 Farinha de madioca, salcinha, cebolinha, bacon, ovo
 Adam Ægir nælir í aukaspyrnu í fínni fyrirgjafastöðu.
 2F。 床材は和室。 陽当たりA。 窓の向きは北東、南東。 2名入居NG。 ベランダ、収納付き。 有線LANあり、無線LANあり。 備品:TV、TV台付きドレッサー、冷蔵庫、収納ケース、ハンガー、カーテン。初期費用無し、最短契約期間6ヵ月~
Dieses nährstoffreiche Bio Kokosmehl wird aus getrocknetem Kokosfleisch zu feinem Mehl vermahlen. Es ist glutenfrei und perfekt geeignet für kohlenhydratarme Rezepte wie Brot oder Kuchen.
...
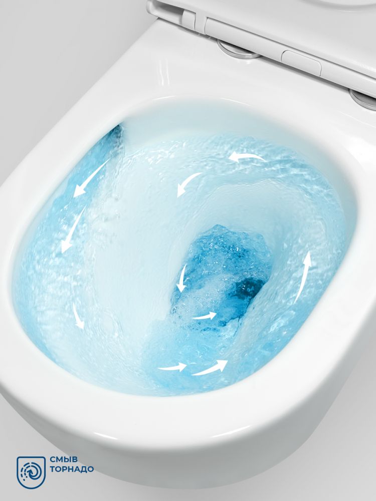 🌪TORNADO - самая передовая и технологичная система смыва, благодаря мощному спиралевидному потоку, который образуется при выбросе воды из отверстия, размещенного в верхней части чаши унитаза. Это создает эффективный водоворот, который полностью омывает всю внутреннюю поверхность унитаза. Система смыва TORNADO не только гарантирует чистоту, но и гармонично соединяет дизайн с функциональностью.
...
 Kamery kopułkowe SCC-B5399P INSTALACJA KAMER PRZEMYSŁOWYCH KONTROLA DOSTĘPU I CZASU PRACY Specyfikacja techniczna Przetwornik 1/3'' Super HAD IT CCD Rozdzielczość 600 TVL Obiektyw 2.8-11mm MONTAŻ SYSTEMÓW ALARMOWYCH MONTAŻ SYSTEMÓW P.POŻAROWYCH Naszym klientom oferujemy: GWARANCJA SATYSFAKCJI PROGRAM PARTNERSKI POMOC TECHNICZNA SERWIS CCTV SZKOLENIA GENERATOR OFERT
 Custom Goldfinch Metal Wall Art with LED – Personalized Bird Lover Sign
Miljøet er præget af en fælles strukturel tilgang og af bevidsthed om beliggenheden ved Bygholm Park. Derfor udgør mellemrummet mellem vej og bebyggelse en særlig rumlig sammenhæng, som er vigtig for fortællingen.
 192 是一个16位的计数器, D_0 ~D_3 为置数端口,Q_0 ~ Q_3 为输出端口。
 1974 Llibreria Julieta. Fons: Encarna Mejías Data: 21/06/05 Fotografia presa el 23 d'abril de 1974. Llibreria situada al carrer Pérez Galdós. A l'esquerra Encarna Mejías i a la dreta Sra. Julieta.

== ABOUT THIS TASK ==
In the entries above, find the line with "Farinha de madioca, salcinha, cebolinha, bacon, ovo" and the line with "Dieses nährstoffreiche Bio", then restate word for word both of them and every line between, with nothing more.

== WRITTEN SOLUTION ==
 Farinha de madioca, salcinha, cebolinha, bacon, ovo
 Adam Ægir nælir í aukaspyrnu í fínni fyrirgjafastöðu.
 2F。 床材は和室。 陽当たりA。 窓の向きは北東、南東。 2名入居NG。 ベランダ、収納付き。 有線LANあり、無線LANあり。 備品:TV、TV台付きドレッサー、冷蔵庫、収納ケース、ハンガー、カーテン。初期費用無し、最短契約期間6ヵ月~
Dieses nährstoffreiche Bio Kokosmehl wird aus getrocknetem Kokosfleisch zu feinem Mehl vermahlen. Es ist glutenfrei und perfekt geeignet für kohlenhydratarme Rezepte wie Brot oder Kuchen.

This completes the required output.